GENIUS 5VCE algorithm was employed to determine the bacterial species composition of a human saliva sample, VFD10-018, sequenced by the Illumina GAIIx (150 bp, ∼22 M reads) platform. A total of 26 bacterial genera and 58 species were identified with majority of genera and species previously identified as members of the human salivary and/or oral microbiome (http://www.homd.org/index.php, Fig. S1). BLASTn (microbial subset) and short read mapping (CLC genomic workbench, using same genome database as GENIUS 5VCE) identified 45 and 102, and 67 and 108, bacterial genera and species in this data set respectively, indicating a much larger microbial community compared to that identified by GENIUS 5VCE (Fig. S1). A global 16S metagenic survey of saliva samples collected from 120 healthy individuals in 12 geographically different locations reported that an individual salivary microbiome typically contains six to 30 bacterial genera [41], an observation in agreement with GENIUS 5VCE identification.

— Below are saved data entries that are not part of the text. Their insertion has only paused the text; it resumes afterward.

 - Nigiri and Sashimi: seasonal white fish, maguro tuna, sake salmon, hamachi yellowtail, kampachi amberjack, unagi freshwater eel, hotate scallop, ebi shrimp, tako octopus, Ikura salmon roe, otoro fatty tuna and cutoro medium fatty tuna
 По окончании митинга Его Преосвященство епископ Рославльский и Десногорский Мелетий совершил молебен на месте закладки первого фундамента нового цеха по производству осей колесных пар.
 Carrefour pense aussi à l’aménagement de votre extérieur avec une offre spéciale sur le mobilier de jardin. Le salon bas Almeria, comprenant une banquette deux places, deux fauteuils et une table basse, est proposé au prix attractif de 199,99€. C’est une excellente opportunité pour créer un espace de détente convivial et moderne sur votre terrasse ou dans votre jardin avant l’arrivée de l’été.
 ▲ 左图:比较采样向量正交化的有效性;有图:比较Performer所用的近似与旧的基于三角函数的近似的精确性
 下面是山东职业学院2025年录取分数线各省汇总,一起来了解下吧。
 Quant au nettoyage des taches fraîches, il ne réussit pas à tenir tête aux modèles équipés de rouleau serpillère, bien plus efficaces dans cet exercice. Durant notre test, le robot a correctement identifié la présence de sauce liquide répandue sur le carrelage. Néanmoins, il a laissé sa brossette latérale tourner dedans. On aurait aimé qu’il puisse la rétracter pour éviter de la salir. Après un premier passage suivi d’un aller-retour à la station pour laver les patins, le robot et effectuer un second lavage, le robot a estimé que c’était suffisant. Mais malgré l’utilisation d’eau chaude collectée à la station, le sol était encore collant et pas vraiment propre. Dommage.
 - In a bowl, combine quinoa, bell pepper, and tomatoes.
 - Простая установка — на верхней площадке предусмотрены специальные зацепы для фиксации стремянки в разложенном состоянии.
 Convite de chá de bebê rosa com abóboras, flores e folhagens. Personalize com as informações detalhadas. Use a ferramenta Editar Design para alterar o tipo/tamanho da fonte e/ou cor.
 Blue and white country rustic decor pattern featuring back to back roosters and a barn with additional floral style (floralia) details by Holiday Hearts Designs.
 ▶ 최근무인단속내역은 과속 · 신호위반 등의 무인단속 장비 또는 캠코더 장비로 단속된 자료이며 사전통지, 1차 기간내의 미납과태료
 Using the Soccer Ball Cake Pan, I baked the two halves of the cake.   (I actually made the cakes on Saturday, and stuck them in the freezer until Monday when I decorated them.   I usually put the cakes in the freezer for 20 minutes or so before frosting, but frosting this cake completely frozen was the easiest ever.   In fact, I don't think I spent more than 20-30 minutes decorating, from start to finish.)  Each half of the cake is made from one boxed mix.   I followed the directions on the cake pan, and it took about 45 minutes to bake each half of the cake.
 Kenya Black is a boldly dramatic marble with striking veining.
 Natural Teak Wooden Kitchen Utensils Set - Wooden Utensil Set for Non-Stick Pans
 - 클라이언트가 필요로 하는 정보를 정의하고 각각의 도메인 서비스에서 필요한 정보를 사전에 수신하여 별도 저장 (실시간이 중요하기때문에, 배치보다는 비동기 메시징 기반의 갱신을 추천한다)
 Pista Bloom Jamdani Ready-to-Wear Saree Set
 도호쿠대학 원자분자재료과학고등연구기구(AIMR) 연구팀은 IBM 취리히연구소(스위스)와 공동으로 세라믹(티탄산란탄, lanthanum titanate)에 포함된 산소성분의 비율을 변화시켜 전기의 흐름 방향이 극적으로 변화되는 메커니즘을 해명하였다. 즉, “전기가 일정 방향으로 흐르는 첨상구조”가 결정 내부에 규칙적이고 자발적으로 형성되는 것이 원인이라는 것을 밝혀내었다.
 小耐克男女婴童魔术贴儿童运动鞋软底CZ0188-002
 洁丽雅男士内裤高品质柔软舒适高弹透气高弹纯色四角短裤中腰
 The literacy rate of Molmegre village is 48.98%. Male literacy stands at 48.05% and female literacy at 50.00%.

Dominant genera identified by GENIUS 5VCE (Streptococcus,Prevotella, Veillonella, Mycoplasma, Rothia, Haemophilus, Fusobacterium etc.) were also in agreement with genera identified in the global survey [41]. It is concluded that bacterial taxa identified by BLASTn and short read mapping produces an overestimation of diversity. GENIUS 5VCE performed favorably in both speed, at least 10,000X faster than BLAST, and accuracy in identifying the most likely bacterial community of this dataset with significantly reduced false prediction.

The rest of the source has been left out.